If you identified gaps in the required prerequisites, here are recommended resources:

Python Fundamentals

  • Official Python Tutorial (docs.python.org/3/tutorial/) --- Free, authoritative, well-structured.
  • Automate the Boring Stuff with Python by Al Sweigart --- Excellent for practical Python fluency. Available free online.
  • Python Crash Course by Eric Matthes --- Well-paced introduction with good exercises.

pandas

  • pandas Documentation Getting Started Tutorials (pandas.pydata.org/docs/getting_started/) --- Official, well-maintained, covers all the basics.
  • Python for Data Analysis by Wes McKinney --- Written by the creator of pandas.

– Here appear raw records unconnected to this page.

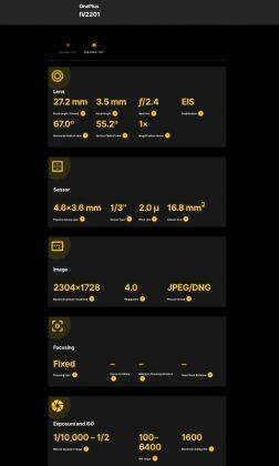 Camera FV5 वेबसाइट से पता चलता है कि फोन में 16MP का कैमरा सेंसर दिया जाएगा। फोन में पिक्सल बाइनिंग टेक्नोलॉजी दी जाएगी, जो इस कैमरा सेंसर के आउटपुट को 64MP का कर देगा। इस कैमरा सेंसर का अपर्चर f/1.7 और फोकल लेंथ 26.2mm होगा।
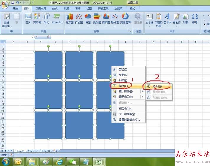 3、按住shfit,選中所有9個矩形后,點擊右鍵,選擇組合中的組合,讓這九個矩形成為一個整體。
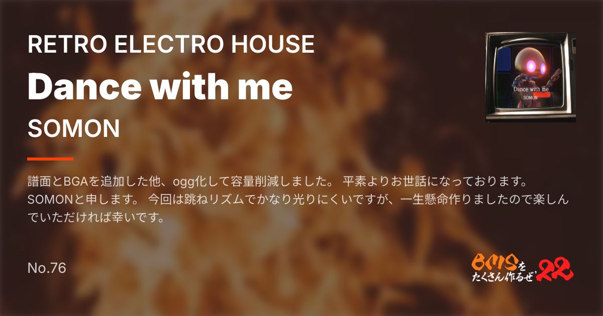 譜面とBGAを追加した他、ogg化して容量削減しました。 平素よりお世話になっております。SOMONと申します。 今回は跳ねリズムでかなり光りにくいですが、一生懸命作りましたので楽しんでいただければ幸いです。
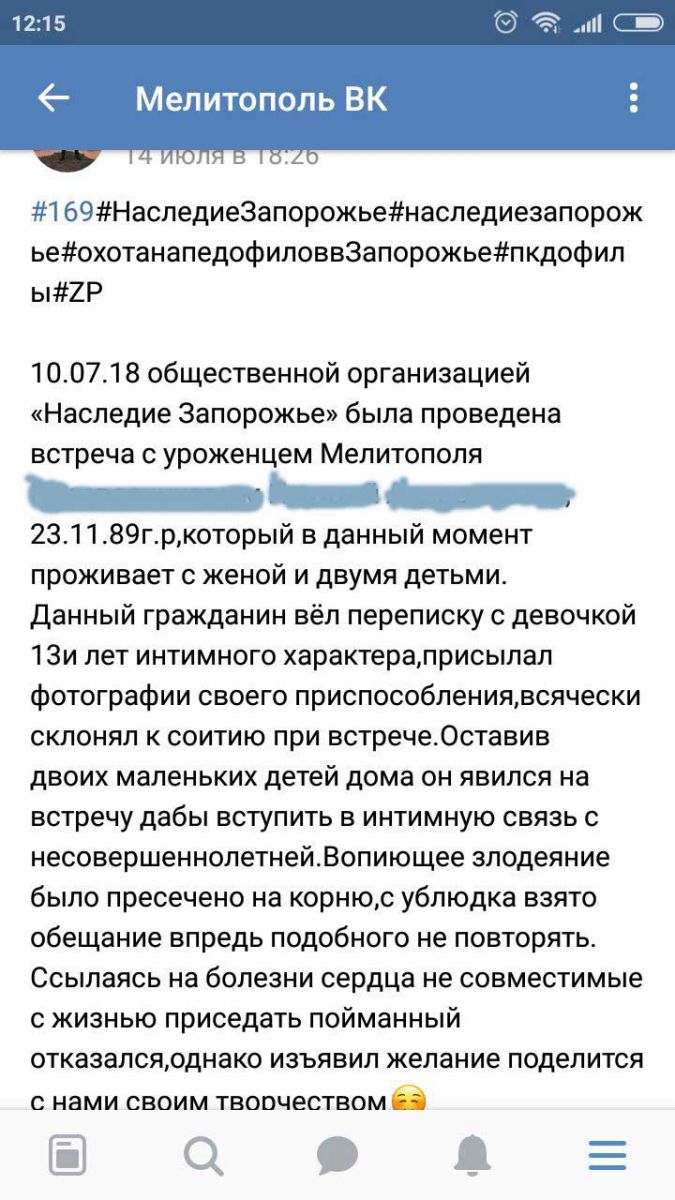 Общественная организация «Наследие Запорожье» опубликовала в соцсетях информацию о педофиле из Мелитополя. По данным общественников, у 29-летнего мужчины есть жена и двое детей, но интересовался он больше несовершеннолетними. Он вел переписку с 13-летней девочкой, предлагая ей вступить в интимную связь. Даже о встрече договорились,только вместо девочки пришли на нее активисты.

Comprehensive and authoritative.
  • Kaggle Learn: Pandas (kaggle.com/learn/pandas) --- Free, short, exercise-driven.

Statistics Concepts

  • Naked Statistics by Charles Wheelan --- Intuitive, non-mathematical introduction to statistical thinking.
  • Khan Academy Statistics and Probability (khanacademy.org/math/statistics-probability) --- Free, video-based, self-paced.
  • OpenIntro Statistics (openintro.org/book/os/) --- Free textbook, more rigorous but still accessible.

Environment Setup

  • Real Python: Installing Python (realpython.com/installing-python/) --- Platform-specific guides.
  • JupyterLab Documentation (jupyterlab.readthedocs.io/) --- Getting started with notebooks.

Environment Checklist

Before starting Chapter 1, confirm that you can:

  1. [ ] Open a terminal and run python --version (shows 3.11 or later).
  2. [ ] Create and activate a virtual environment.
  3. [ ] Run pip install pandas numpy matplotlib successfully.
  4. [ ] Open a Jupyter notebook and execute a cell containing import pandas as pd; print(pd.__version__).
  5. [ ] Load a CSV file in pandas and display the first five rows.

If all five checks pass, you are ready to begin. Turn to Chapter 1.